If an entry holds a picture, drop the picture and restate the rest word for word.

[Stored records]
Start of Block

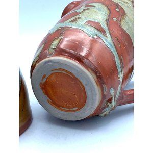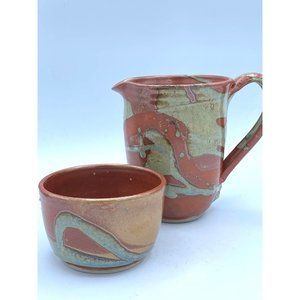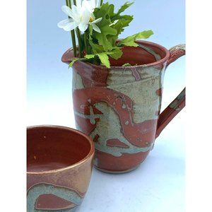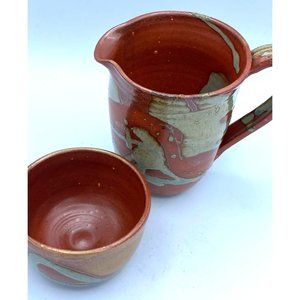 Beautiful Hand Made Pottery Art Large Mug Pitcher With Small Matching Bowl /Cup
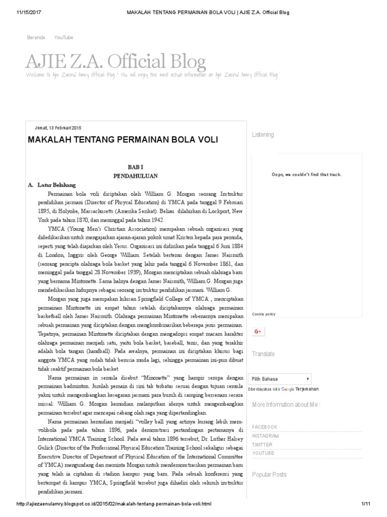 Makalah tentang permainan bola voli. Permainan bola voli pertama kali ditemukan oleh william george morgan pada tahun 1985 di holyoke massacusetts amerika serikat william george morgan adalah seorang instruktur pendidikan jasmani di sebuah organisasi bernama young men s christian association ymca. Permainan bola voli adalah salah satu olahraga dunia yang diminati banyak orang. Sepak bola adalah olahraga menggunakan bola yang dimainkan oleh dua tim yang masing masing beranggotakan 11 sebelas orang.
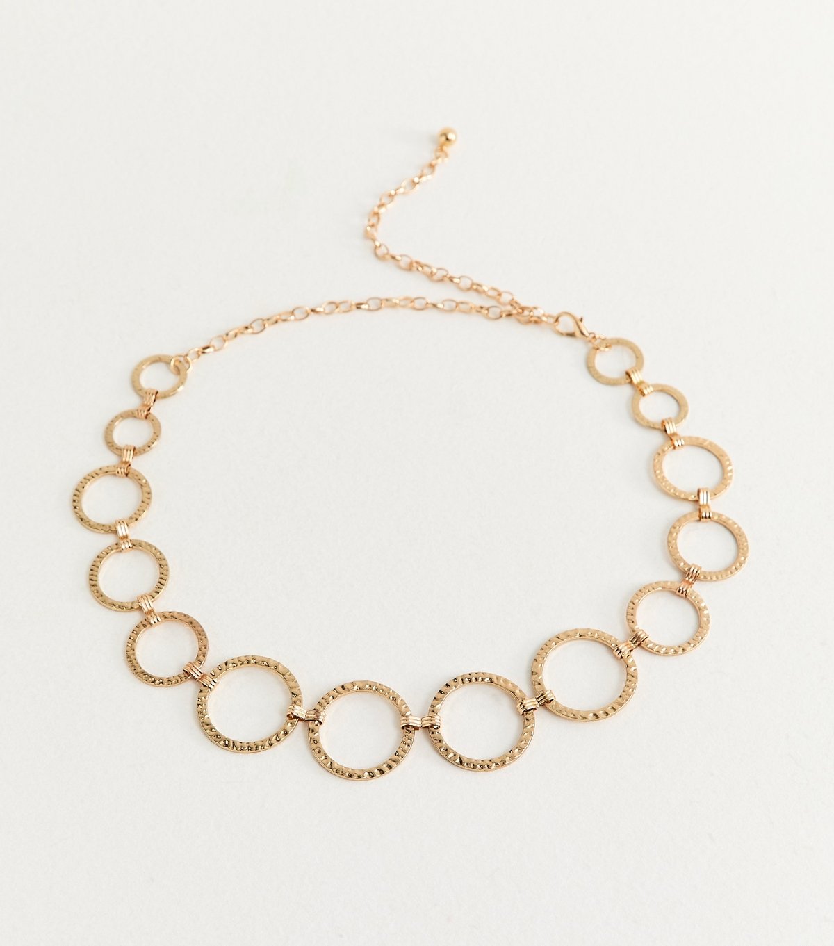 Stylish gold hammered circle chain belt from New Look. Features a chain design with textured circles, perfect for adding a touch of elegance to any outfit. Ideal for both casual and formal wear.
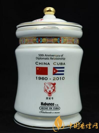 該藏品采用獨特瓷罐包裝,瓷罐上印有中國古巴國旗、中古建交時間、中國虎頭圖騰等,并用中文標注上了“庚寅年”,罐蓋上附有加溫器,并用軟木做密封。內(nèi)含25支環(huán)徑為52、長度為 6.4英寸的雙魚雷型雪茄。全球限量2010罐,此罐編號為532號,由時任古巴駐華大使白詩德(Alberto Jesus Blanco Silva)簽贈。
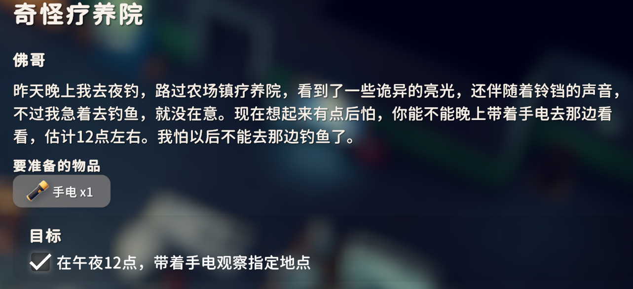 佛哥這個釣魚佬可真猛啊,管他什麼詭異的亮光,都不能耽誤釣魚。這個任務也是需要我們到療養院,不過位置是在大門,不用走進去,時間在晚上12點左右(+-30分鐘),需要帶上手電筒。
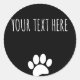 Adesivo Redondo Imprimir Texto Personalizado em Pata de Cão Preto
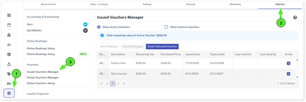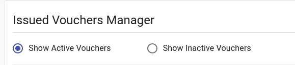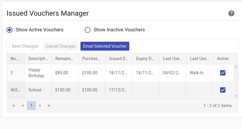 - To change a voucher from active to inactive or from inactive to active, simply tick or untick the Active Checkbox and press the Save Changes button.
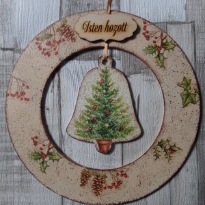 Téli,karácsonyi koszorú alakú ajtódísz,üdvözlőtábla harang alakú függővel fenyő,erdei termések mintával
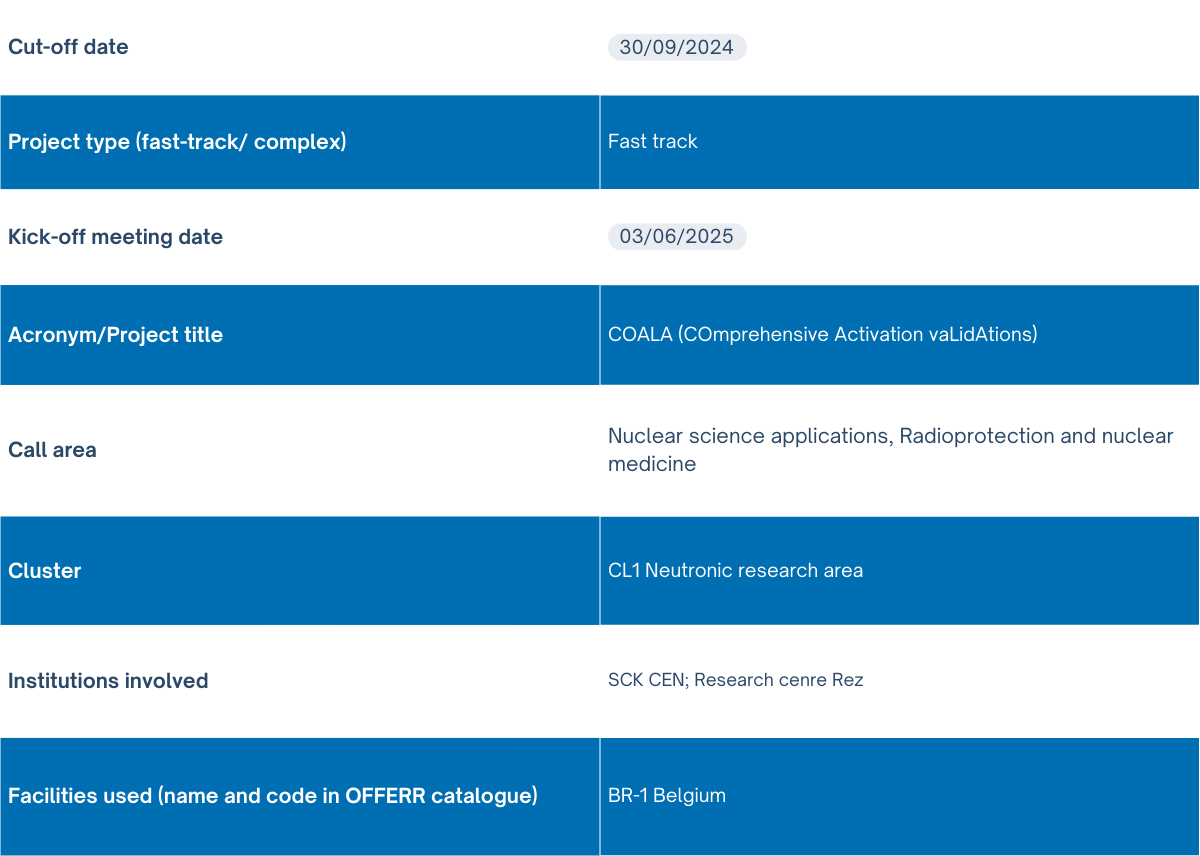 The first part of the project will be performed in the fast field of the BR1 MARK-3 convertor focusing on the validation of the cross sections of selected reactions that are promising in reactor dosimetry: 204Pb(n,n´), 117Sn(n,n´), 64Zn(n,p), 67Zn(n,p), 92Mo(n,p), and 28Si(n,p).

End of Block

→ **Worked solution**:
 Beautiful Hand Made Pottery Art Large Mug Pitcher With Small Matching Bowl /Cup
 Makalah tentang permainan bola voli. Permainan bola voli pertama kali ditemukan oleh william george morgan pada tahun 1985 di holyoke massacusetts amerika serikat william george morgan adalah seorang instruktur pendidikan jasmani di sebuah organisasi bernama young men s christian association ymca. Permainan bola voli adalah salah satu olahraga dunia yang diminati banyak orang. Sepak bola adalah olahraga menggunakan bola yang dimainkan oleh dua tim yang masing masing beranggotakan 11 sebelas orang.
 Stylish gold hammered circle chain belt from New Look. Features a chain design with textured circles, perfect for adding a touch of elegance to any outfit. Ideal for both casual and formal wear.
 該藏品采用獨特瓷罐包裝,瓷罐上印有中國古巴國旗、中古建交時間、中國虎頭圖騰等,并用中文標注上了“庚寅年”,罐蓋上附有加溫器,并用軟木做密封。內(nèi)含25支環(huán)徑為52、長度為 6.4英寸的雙魚雷型雪茄。全球限量2010罐,此罐編號為532號,由時任古巴駐華大使白詩德(Alberto Jesus Blanco Silva)簽贈。
 佛哥這個釣魚佬可真猛啊,管他什麼詭異的亮光,都不能耽誤釣魚。這個任務也是需要我們到療養院,不過位置是在大門,不用走進去,時間在晚上12點左右(+-30分鐘),需要帶上手電筒。
 Adesivo Redondo Imprimir Texto Personalizado em Pata de Cão Preto
 - To change a voucher from active to inactive or from inactive to active, simply tick or untick the Active Checkbox and press the Save Changes button.
 Téli,karácsonyi koszorú alakú ajtódísz,üdvözlőtábla harang alakú függővel fenyő,erdei termések mintával
 The first part of the project will be performed in the fast field of the BR1 MARK-3 convertor focusing on the validation of the cross sections of selected reactions that are promising in reactor dosimetry: 204Pb(n,n´), 117Sn(n,n´), 64Zn(n,p), 67Zn(n,p), 92Mo(n,p), and 28Si(n,p).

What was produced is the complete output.